Maybe we shouldn't publish until results are replicatedThe accompanying link was to a case of a researcher who fabricated data and the published papers have been withdrawn.
I can understand the frustration that causes a lot of non-scientists to complain that too much gets published that turns out to not be true. Rarely is this because of something as blatant as fabricating data, though it is quite often for actions that ought to be considered similar, like researchers intentionally fishing for a model that gets the result they want and hiding that fact. Sometimes, though, it is the completely honest and proper error that comes from random sampling or an unrecognized flaw in the study. Readers want simple right answers, like they learned in high school science classes. But science in action does not work that way.
Probably some of you immediately thought of the point I wanted to make about the above quote: How, exactly, can anyone replicate something that has never been published? They might stumble on the same analysis and do it themselves, but even then they would not know they had replicated something. Why? Because the way researchers let other researchers know that they have seen something that might be worth replicating is to publish it. Scientific publication is primarily designed to be communication among scientific experts.
The problem is, then, when research results that, to non-experts, are barely more understandable than raw data are communicated to people who do not understand what they are: They are just one cut at a question and might be different from the future received wisdom, or even the existing received wisdom. And this even ignores the problem of readers not knowing how to interpret the results in a useful way, even apart from what other studies might show.
Everyone in sight is guilty here. Researchers (and their institutions, and the journals) tout results to the press even when no one other than a few experts can really make sense or use of them.

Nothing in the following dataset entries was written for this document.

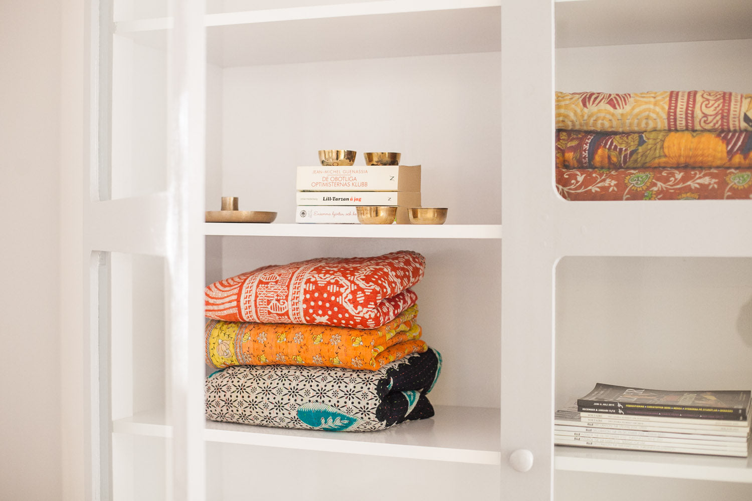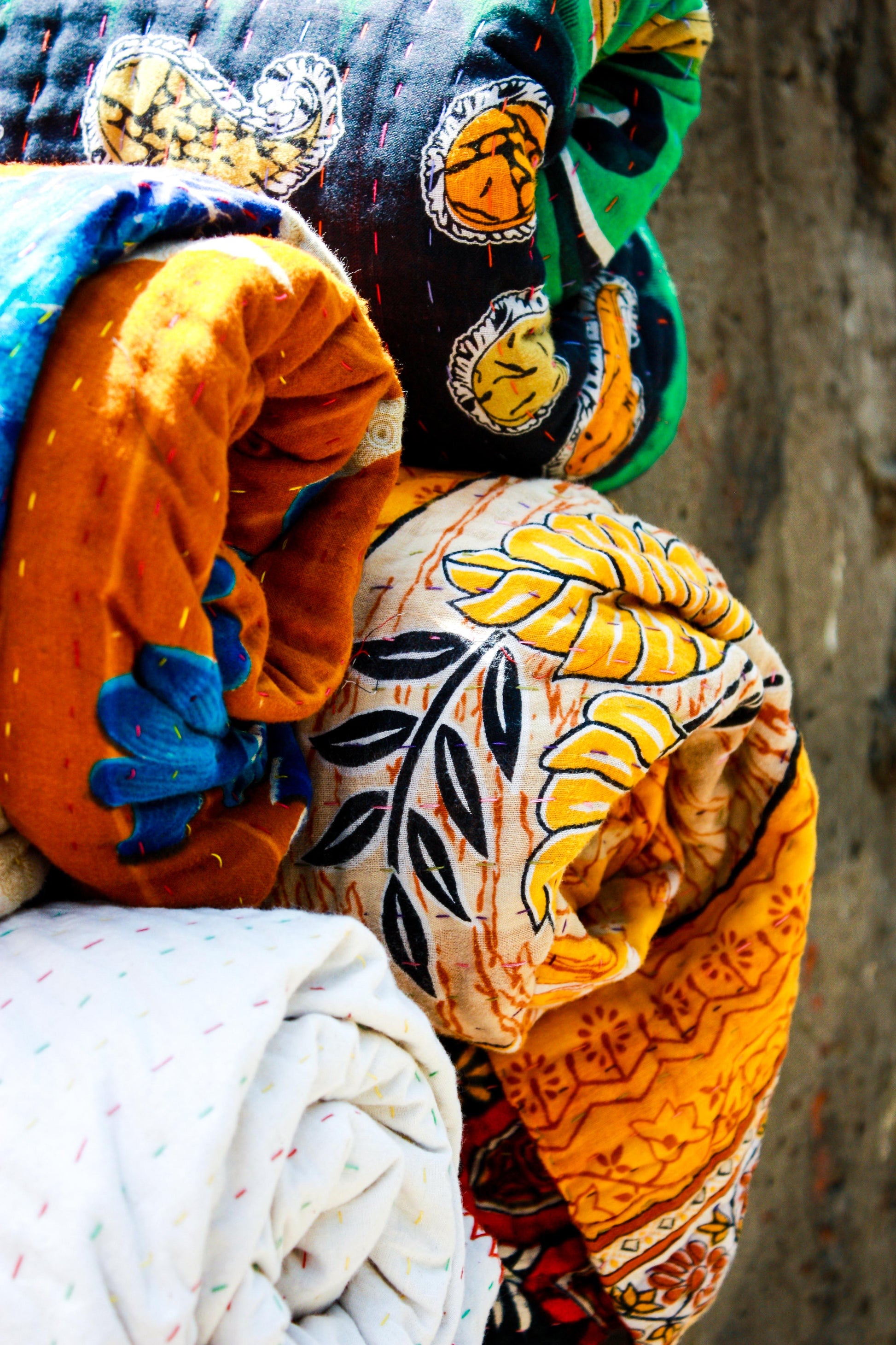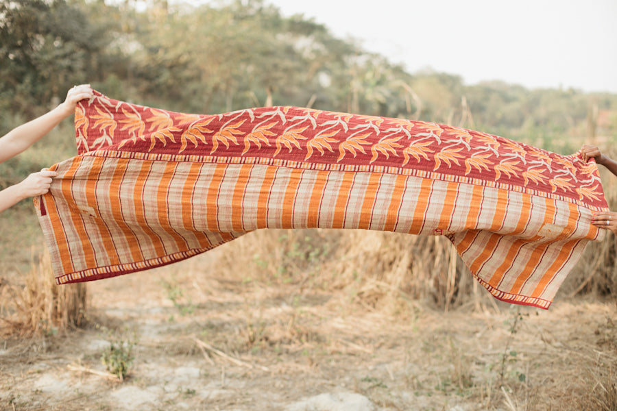 Layers of vintage sari cloth are stitched in straight even rows. Soft, cozy and the perfect size to curl up with on a chilly morning. Each blanket is unique and one of a kind
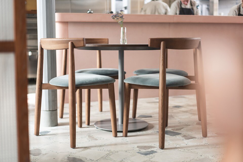 Finally, the Nordic-style chairs by Sancal and Miniforms and the white bar stools by Massproductions lighten up the heavy materials used (concrete, marble, stoneware) with thin and light lines.
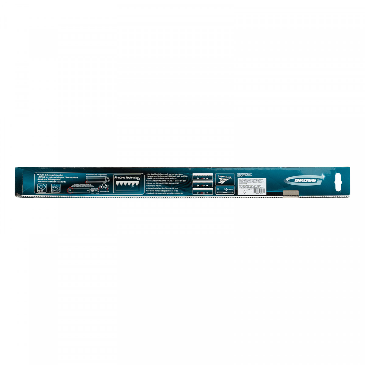 Пильное полотно Gross «PIRANHA» 22863 длиной 550 мм, с каленым зубом с 2D-заточкой, 18 TPI — режущий элемент для прецизионного стусла, применяемый для распила под углом заготовок из дерева, мягкого металла и пластика. Мелкие зубья с шагом 18 TPI позволяют получить точный и чистый рез. Полотно используется для пиления плинтусов, реек, дверных наличников и других деталей.

Most health reporters do not know enough to critically assess results or put them in context, except in the way they cover politics (which is to say, treating it like a "he said, she said" game and finding someone to just assert that the result is wrong). Science teachers create the mistaken impression that scientific results are always Truth. And the public demands simpler answers than can really exist (though perhaps all the blame there lies with the others on the list).
As you can surmise from my writings, I think the crux of the problem is science reporters who simply do not understand science, and health researchers who ...well… simply do not understand science. But no one is going to get those groups to refrain from publishing until they know what they are doing. And demanding replication of the errors will not help any -- there is no shortage of that.